HOW TO COMPLETE THIS TASK →
Omit any picture, and return the remaining data exactly as written.

↓

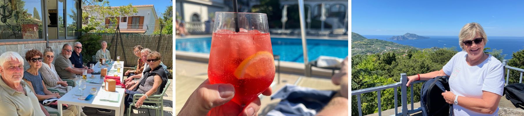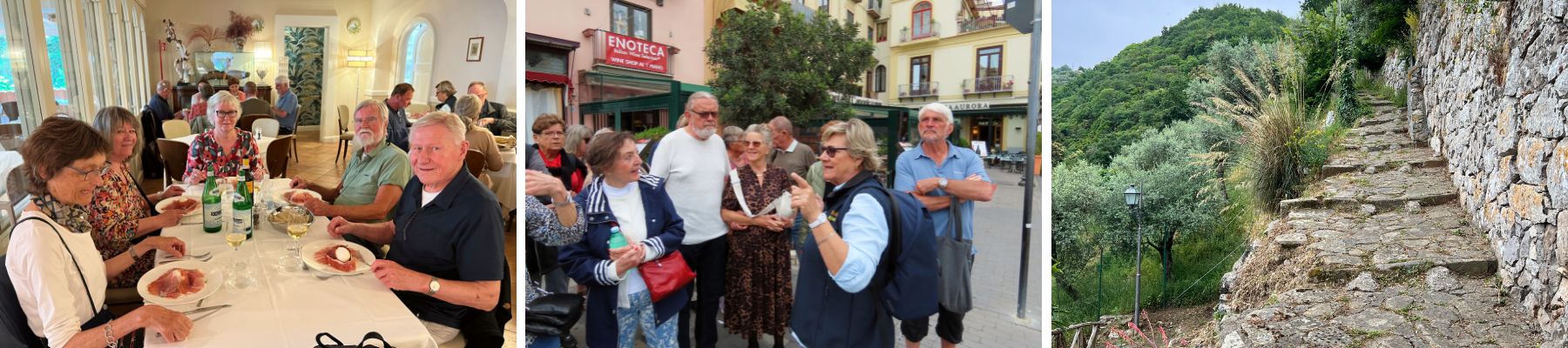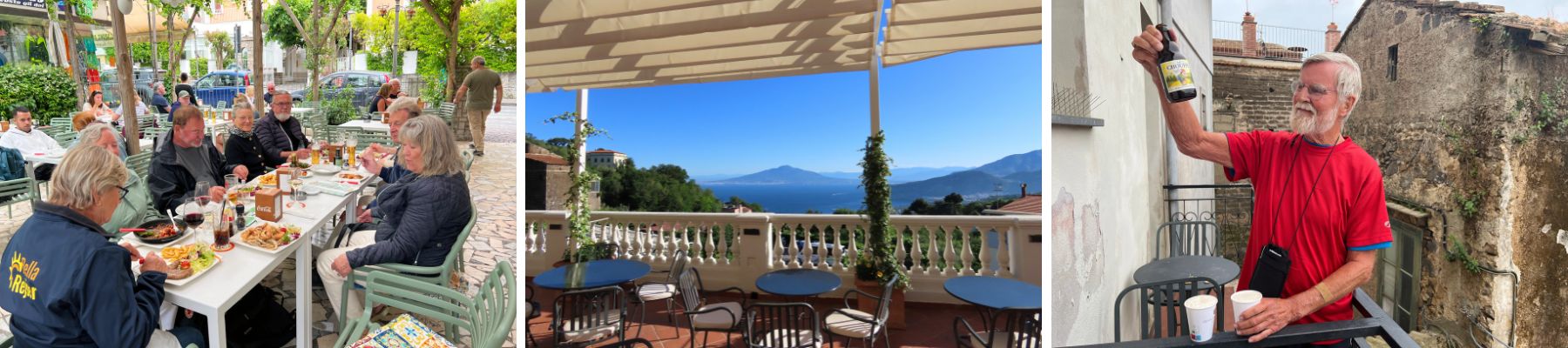 Snart går samtalen kring vad alla har gjort under sin lediga dag. Vi får höra om Herculaneum och se bilder på fantastiska målningar och mosaiker från antiken. Och Helle – trots att hon också är ledig – har tagit med några på en promenad till det lokala klostret. Det blev en stor succé. Vädret var så klart att de kunde se ända till Capri, och de hann också med ett trevligt stopp på Orlandos bar uppe i byn.
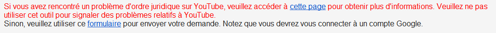 "Veuillez ne pas utiliser cet outil pour signaler des problèmes relatifs à YouTube", demande Google, en rouge dans le texte. Le moteur de recherche demande aux ayants droit de contacter directement YouTube, ce qu'il ne fait pas pour les sites de ses concurrents. YouTube traite les demandes de retrait en direct sur son "centre relatif aux droits d'auteur", ce qui explique que Google ne souhaite pas agir en doublon de sa filiale. Mais YouTube bénéficie ainsi d'un traitement de faveur par rapport aux sites comme Dailymotion qui ont le même type de procédures internes pour écarter le piratage, mais pourront faire l'objet de demandes de retraits d'URL sur Google.
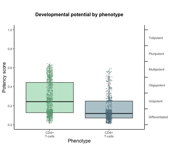 CytoTRACE2_UMAP展示了不同细胞的预测打分,按照颜色进行了划分。越是红色越靠近全谱系的分化状态,而越是接近蓝色则靠近已经分化完成的状态。这与上面的Phenotype_UMAP图结果是基本符合的,CD8+T细胞是目前已经认识明确(相对地)的一种功能性T细胞,而这里的CD4+T细胞有很多不同功能/阶段的亚群。
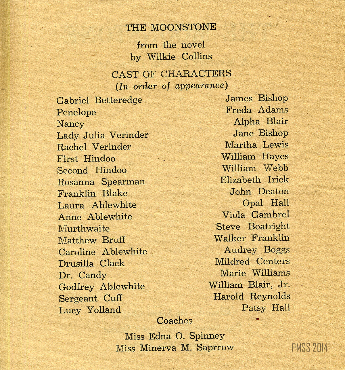 TAGS: Wilkie Collins, WWII, The Pine Cone, mystery novels, suspense novels, English detective novels, student performers, Edna O. Spinney, Minerva M. Sparrow
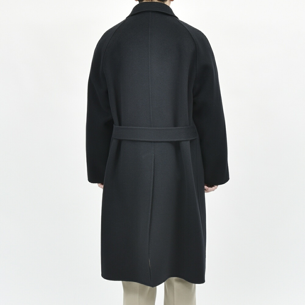 ベルト部分のバックルが表に見えないような構成になっているのもポイント、ミニマルで洗練された印象を付加してくれるコートになっていると思います。
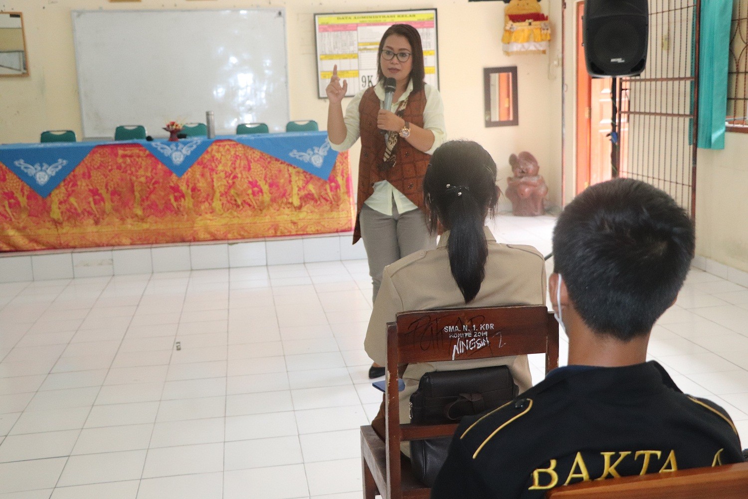 KPU Tabanan, Dangin Carik – Dalam rangka memberikan pengetahuan demokrasi kepada generasi muda, Anggota Komisi Pemilihan Umum (KPU) Kabupaten Tabanan Ketua Divisi Sosialisasi, Pendidikan Pemilih, Parmas dan SDM, Ni Putu Suaryani pada Jumat (03/06/2022) sekitar pukul 09.00 Wita hadir sebagai Narasumber dalam kegiatan peningkatan pengetahuan dan pemahaman demokrasi generasi muda bagi Peserta didik, bertempat di Aula SMA Negeri 1 Kediri, Jl. Bingin Ambe, Kediri, Tabanan.
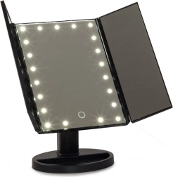 Iščete popolno ogledalo za vsakodnevni make-up, kozmetično rutino ali vstavljanje kontaktnih leč? To namizno LED ogledalo s stranskimi krili nudi enakomerno osvetlitev zahvaljujoč 22 LED diodam in omogoča natančno povečavo 2x in 3x za podrobno delo. Na dotik občutljivo stikalo neposredno na površini ogledala omogoča hitro in udobno vklapljanje svetlobe, medtem ko zadnje stikalo doda dodatno kontrolo.
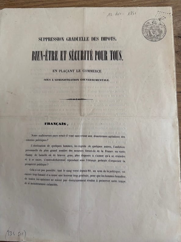 [Paris], Imprimerie de Mme de Lacombe, s.d. (1851) in-4, 8 pp., en feuilles.
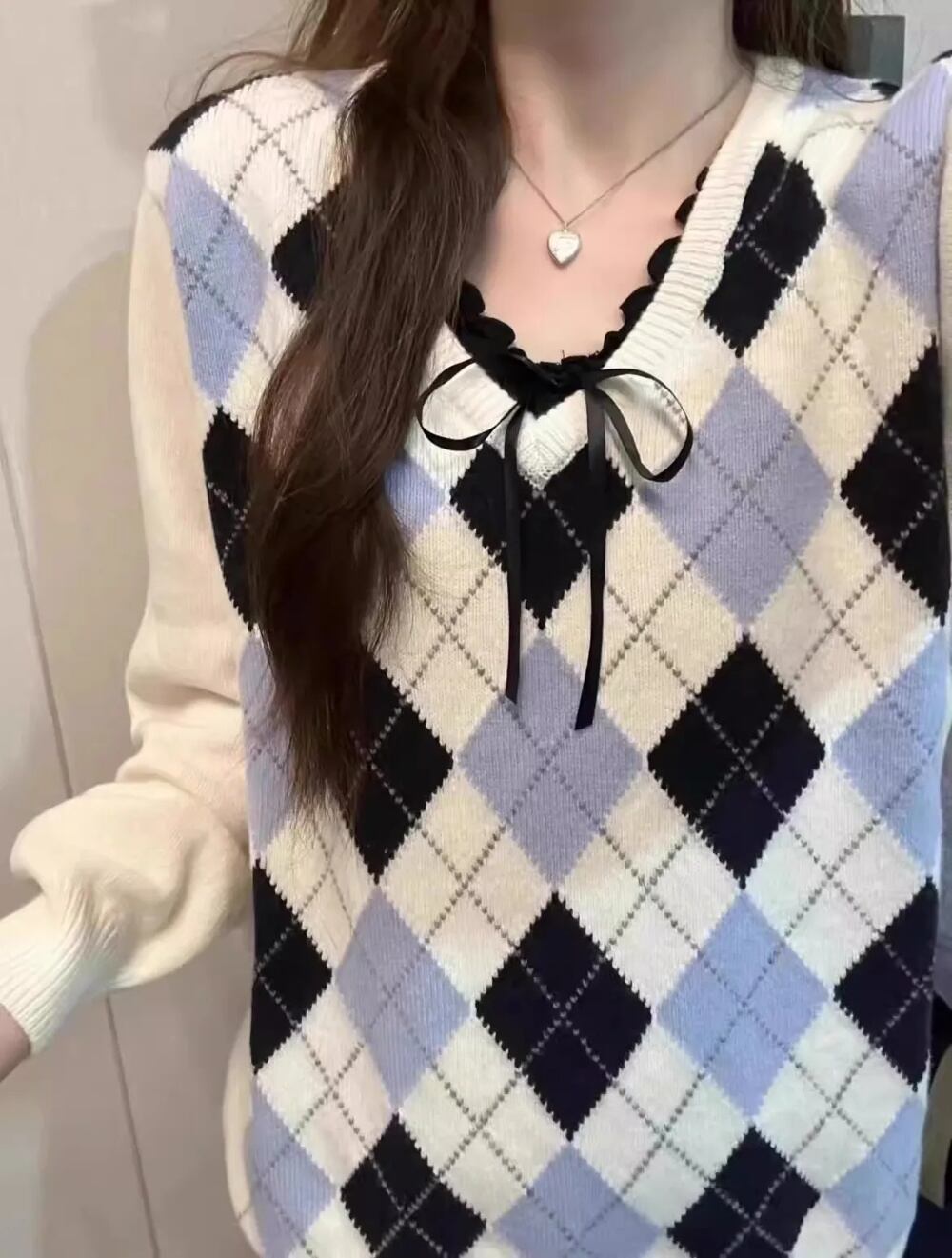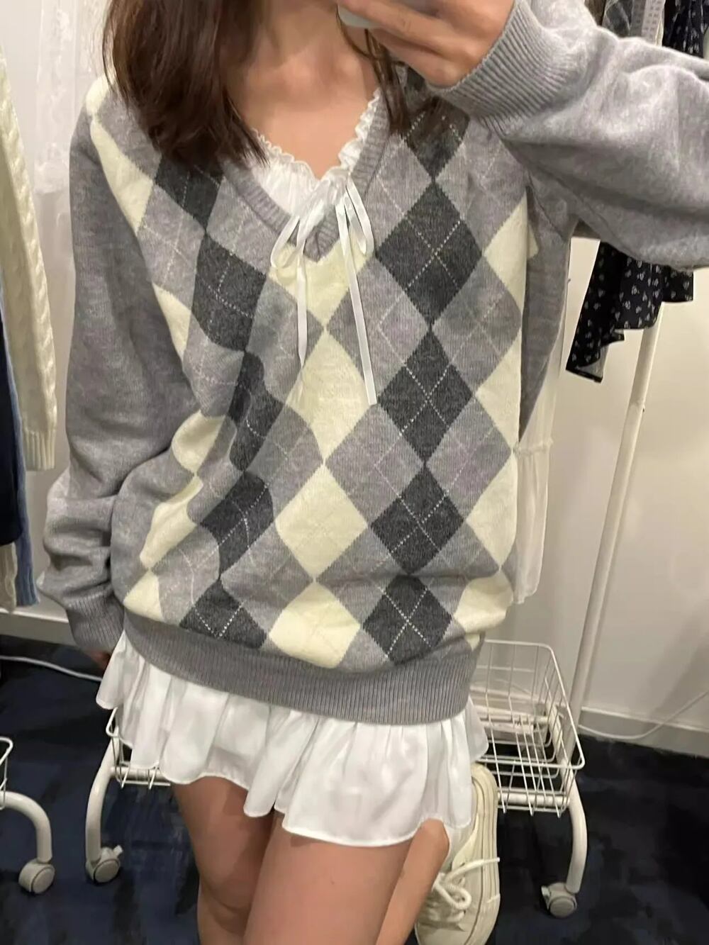 Deeptown-女性のヴィンテージアーギルニットセーター、アメリカンレトロプレッピースタイルジャンパー、カジュアルプルオーバー、長袖トップス、秋、冬 T240926102147_01
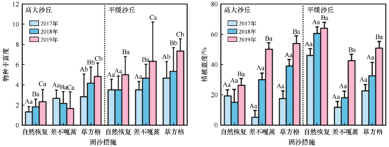 圖1 固沙措施對(duì)沙丘植被群落特征的影響
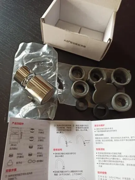 Отличная статья. Очень хорошо упакован. Все поставляется: Адаптер для всех кранов, ключ для затягивания этих адаптеров, уплотнений и даже пояснительной записки (на китайском, но с изображениями). Сам Совет очень хороший. Он сделан из металла, выглядит отлично, ориентируется и с 2 типами струй (классика и дождь). Мы легко проходим с одного на другой из струй, сделав небольшой поворот нескольких миллиметров. Это действительно очень хороший продукт.
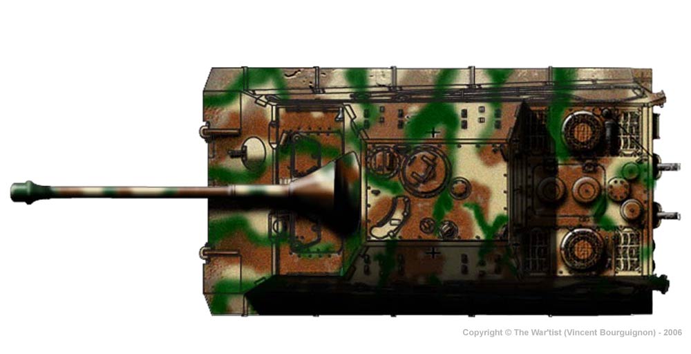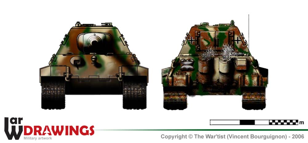 mm PaK 44 (Artist's view). The 7.92 mm MG 34/42 machine gun is mounted on the Fliegerdrehstüze 36 mount on the rear deck. |

↑

SOLUTION →
 Snart går samtalen kring vad alla har gjort under sin lediga dag. Vi får höra om Herculaneum och se bilder på fantastiska målningar och mosaiker från antiken. Och Helle – trots att hon också är ledig – har tagit med några på en promenad till det lokala klostret. Det blev en stor succé. Vädret var så klart att de kunde se ända till Capri, och de hann också med ett trevligt stopp på Orlandos bar uppe i byn.
 "Veuillez ne pas utiliser cet outil pour signaler des problèmes relatifs à YouTube", demande Google, en rouge dans le texte. Le moteur de recherche demande aux ayants droit de contacter directement YouTube, ce qu'il ne fait pas pour les sites de ses concurrents. YouTube traite les demandes de retrait en direct sur son "centre relatif aux droits d'auteur", ce qui explique que Google ne souhaite pas agir en doublon de sa filiale. Mais YouTube bénéficie ainsi d'un traitement de faveur par rapport aux sites comme Dailymotion qui ont le même type de procédures internes pour écarter le piratage, mais pourront faire l'objet de demandes de retraits d'URL sur Google.
 CytoTRACE2_UMAP展示了不同细胞的预测打分,按照颜色进行了划分。越是红色越靠近全谱系的分化状态,而越是接近蓝色则靠近已经分化完成的状态。这与上面的Phenotype_UMAP图结果是基本符合的,CD8+T细胞是目前已经认识明确(相对地)的一种功能性T细胞,而这里的CD4+T细胞有很多不同功能/阶段的亚群。
 TAGS: Wilkie Collins, WWII, The Pine Cone, mystery novels, suspense novels, English detective novels, student performers, Edna O. Spinney, Minerva M. Sparrow
 ベルト部分のバックルが表に見えないような構成になっているのもポイント、ミニマルで洗練された印象を付加してくれるコートになっていると思います。
 KPU Tabanan, Dangin Carik – Dalam rangka memberikan pengetahuan demokrasi kepada generasi muda, Anggota Komisi Pemilihan Umum (KPU) Kabupaten Tabanan Ketua Divisi Sosialisasi, Pendidikan Pemilih, Parmas dan SDM, Ni Putu Suaryani pada Jumat (03/06/2022) sekitar pukul 09.00 Wita hadir sebagai Narasumber dalam kegiatan peningkatan pengetahuan dan pemahaman demokrasi generasi muda bagi Peserta didik, bertempat di Aula SMA Negeri 1 Kediri, Jl. Bingin Ambe, Kediri, Tabanan.
 Iščete popolno ogledalo za vsakodnevni make-up, kozmetično rutino ali vstavljanje kontaktnih leč? To namizno LED ogledalo s stranskimi krili nudi enakomerno osvetlitev zahvaljujoč 22 LED diodam in omogoča natančno povečavo 2x in 3x za podrobno delo. Na dotik občutljivo stikalo neposredno na površini ogledala omogoča hitro in udobno vklapljanje svetlobe, medtem ko zadnje stikalo doda dodatno kontrolo.
 [Paris], Imprimerie de Mme de Lacombe, s.d. (1851) in-4, 8 pp., en feuilles.
 Deeptown-女性のヴィンテージアーギルニットセーター、アメリカンレトロプレッピースタイルジャンパー、カジュアルプルオーバー、長袖トップス、秋、冬 T240926102147_01
 圖1 固沙措施對(duì)沙丘植被群落特征的影響
 Отличная статья. Очень хорошо упакован. Все поставляется: Адаптер для всех кранов, ключ для затягивания этих адаптеров, уплотнений и даже пояснительной записки (на китайском, но с изображениями). Сам Совет очень хороший. Он сделан из металла, выглядит отлично, ориентируется и с 2 типами струй (классика и дождь). Мы легко проходим с одного на другой из струй, сделав небольшой поворот нескольких миллиметров. Это действительно очень хороший продукт.
 mm PaK 44 (Artist's view). The 7.92 mm MG 34/42 machine gun is mounted on the Fliegerdrehstüze 36 mount on the rear deck. |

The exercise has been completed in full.